Work order >>
Going down the listing below, print exactly each line from the one with "- Słupek łazienkowy" up to and including the one with "3. Reposition the", and skip the rest.

Exercise input >>
------------
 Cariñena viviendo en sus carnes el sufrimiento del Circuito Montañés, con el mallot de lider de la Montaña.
------------
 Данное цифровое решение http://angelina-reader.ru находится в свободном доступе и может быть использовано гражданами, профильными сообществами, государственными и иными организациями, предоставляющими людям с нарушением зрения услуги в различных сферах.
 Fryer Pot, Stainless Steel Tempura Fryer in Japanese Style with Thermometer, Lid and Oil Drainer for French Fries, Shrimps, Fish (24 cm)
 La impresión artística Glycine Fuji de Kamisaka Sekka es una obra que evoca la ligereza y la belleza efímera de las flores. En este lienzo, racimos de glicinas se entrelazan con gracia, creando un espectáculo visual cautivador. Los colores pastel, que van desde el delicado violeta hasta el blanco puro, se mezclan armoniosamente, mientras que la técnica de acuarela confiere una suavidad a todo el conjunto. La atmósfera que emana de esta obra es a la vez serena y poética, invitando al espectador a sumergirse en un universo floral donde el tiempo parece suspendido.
------------
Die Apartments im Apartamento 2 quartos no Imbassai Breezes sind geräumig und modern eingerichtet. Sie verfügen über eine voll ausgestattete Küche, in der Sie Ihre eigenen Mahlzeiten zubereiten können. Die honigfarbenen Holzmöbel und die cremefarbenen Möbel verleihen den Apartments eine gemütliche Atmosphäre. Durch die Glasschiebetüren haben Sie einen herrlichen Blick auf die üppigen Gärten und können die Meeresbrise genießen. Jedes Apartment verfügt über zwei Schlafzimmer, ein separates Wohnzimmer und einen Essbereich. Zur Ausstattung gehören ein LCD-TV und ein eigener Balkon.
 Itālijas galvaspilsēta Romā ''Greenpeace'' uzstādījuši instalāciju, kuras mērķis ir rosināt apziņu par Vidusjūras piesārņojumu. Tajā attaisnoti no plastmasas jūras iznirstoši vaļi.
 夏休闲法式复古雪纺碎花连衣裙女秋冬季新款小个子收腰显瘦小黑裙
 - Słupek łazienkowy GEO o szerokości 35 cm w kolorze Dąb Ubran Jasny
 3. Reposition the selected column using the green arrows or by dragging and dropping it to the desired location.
------------
Answer section >>
 - Słupek łazienkowy GEO o szerokości 35 cm w kolorze Dąb Ubran Jasny
 3. Reposition the selected column using the green arrows or by dragging and dropping it to the desired location.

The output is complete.